DesR85 wrote:If an RPG (or any other game) is open-ended in terms of selecting the gender of a main character, I'll go for a male one, seeing that I'm a guy myself. It's more to just reflecting what you are, if you ask me. By the way, why do you want to include some certain attributes on the different genders such as one has certain advantages/disadvantages over the other?
So, if I choose to play as an evil half-ogre thief, would that just reflect what I am? I sincerely hope (for your own sake) you will answer "NO" because the dragons
do breathe fire occasionally... :mischief:
The principle of advantages/disadvantages is a very common one. You trade something for something. If you look up the races in D@D, for instance, you will notice that some races have significant benefits. The game will try to offset that with a slower level progression or by adding some weaknesses to the set.
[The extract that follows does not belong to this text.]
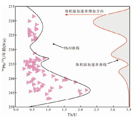 ![]() | 图 5 香日德岩基中锆石Th/U比值与岩浆体积添加速率对比图 Fig. 5 Zircon Th/U ratios and volume addition rate of of Xiangride granitoid batholith |

This balance is extremely important. Another example: a super-strong vampire has a weakness to fire and suffers penalty to his/her attributes (and takes damage from the sunlight) during the day.
In ES males/females have slightly different starting attributes.
In the earlier Elder scrolls games there was a section during the character creation where you could
choose a disadvantage (or several). It gave you more points to distribute towards advantages, which you could also choose. Later on Bethesda simplified their starting statistics (Alas, not only statistics) dramatically.
Arcanum gave players a chance to choose a "background" which was the same adv/disadv mix. And they threw in the "beauty" stat as well.
The Lionhead team is apparently planning to give you a remarkable chance to play as a pregnant woman, bless their poor Gear Heads.
I was under impression that you did not mind that, Des, did you?
It is all being done to enhance the role-playing and replayability. It matters to many people. Plus not everybody likes powergaming. People choose the hardcore settings, opt for the permanent death, play solo, do not reload, create less powerful characters etc. The more options the better, including the "recommended" human male (absolutely romanceless) fighter with auto-generated "recommended" stats and feats.
My point is not about heavy-weight stats you have to tweak constantly for a large party of 8 (*shudder*). It is about multiple choices a good RPG gives you.
So, once again, why should the gender be a pure esthetical choice?